*** GIVEN INFORMATION ***

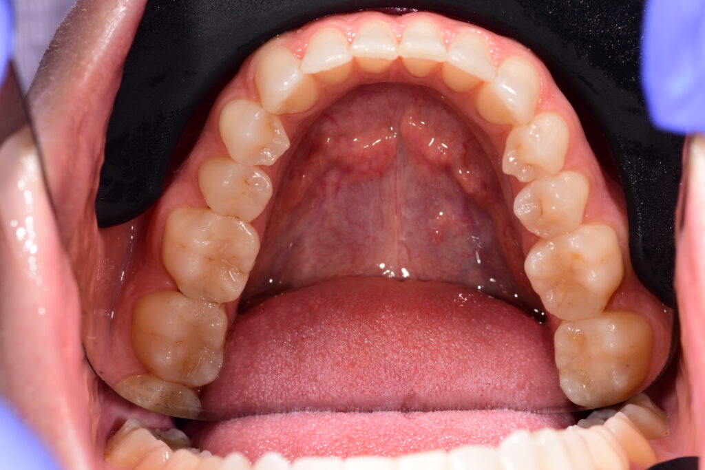 In patients in whom the upper front teeth are too tilted forward, dry mouth occurs because they cannot connect the upper and lower lip due to the position of the teeth.
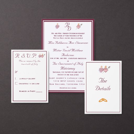 Two Hearts Catholic Wedding Suite (Burgundy)Designed by Joy Domangue
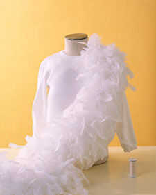 5. Envuelva las boas alrededor del cuerpo con tachuelas o caliente pegado cada par de pulgadas, trabajando alrededor de los brazos hasta que el cuerpo entero está cubierto hasta el dobladillo de la camiseta donde usted cosido antes. Usted debería haber utilizado hasta 4 boas en este punto.
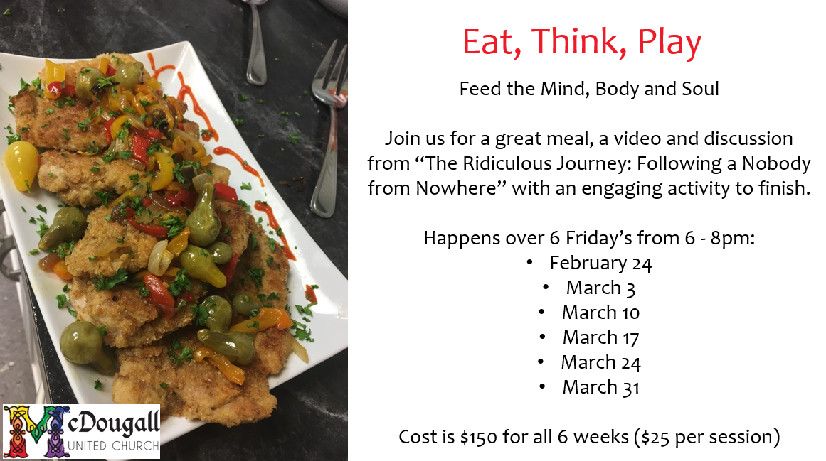 You will be following “The Ridiculous Journey: Following a Nobody from Nowhere”, a 7 series film series by The Work of The People with discussions lead by Rev. Joanne. Please be advised that the first video will be shown at the Ash Wednesday Service on February 22 at 7 pm. Here is more information about the series: “A search for purpose and meaning in the events and choices of our lives. A costly journey with an unknown destination. A Middle Eastern homeless man from twenty centuries ago and why he still stirs the souls and imagination of so many.”

***

◆ **PROBLEM TO SOLVE**:
The line with "5. Envuelva las" and each line after it, through the final line of the data, are to be duplicated exactly, with pictures left out and nothing more included.

◆ **ANSWER SECTION**:
 5. Envuelva las boas alrededor del cuerpo con tachuelas o caliente pegado cada par de pulgadas, trabajando alrededor de los brazos hasta que el cuerpo entero está cubierto hasta el dobladillo de la camiseta donde usted cosido antes. Usted debería haber utilizado hasta 4 boas en este punto.
 You will be following “The Ridiculous Journey: Following a Nobody from Nowhere”, a 7 series film series by The Work of The People with discussions lead by Rev. Joanne. Please be advised that the first video will be shown at the Ash Wednesday Service on February 22 at 7 pm. Here is more information about the series: “A search for purpose and meaning in the events and choices of our lives. A costly journey with an unknown destination. A Middle Eastern homeless man from twenty centuries ago and why he still stirs the souls and imagination of so many.”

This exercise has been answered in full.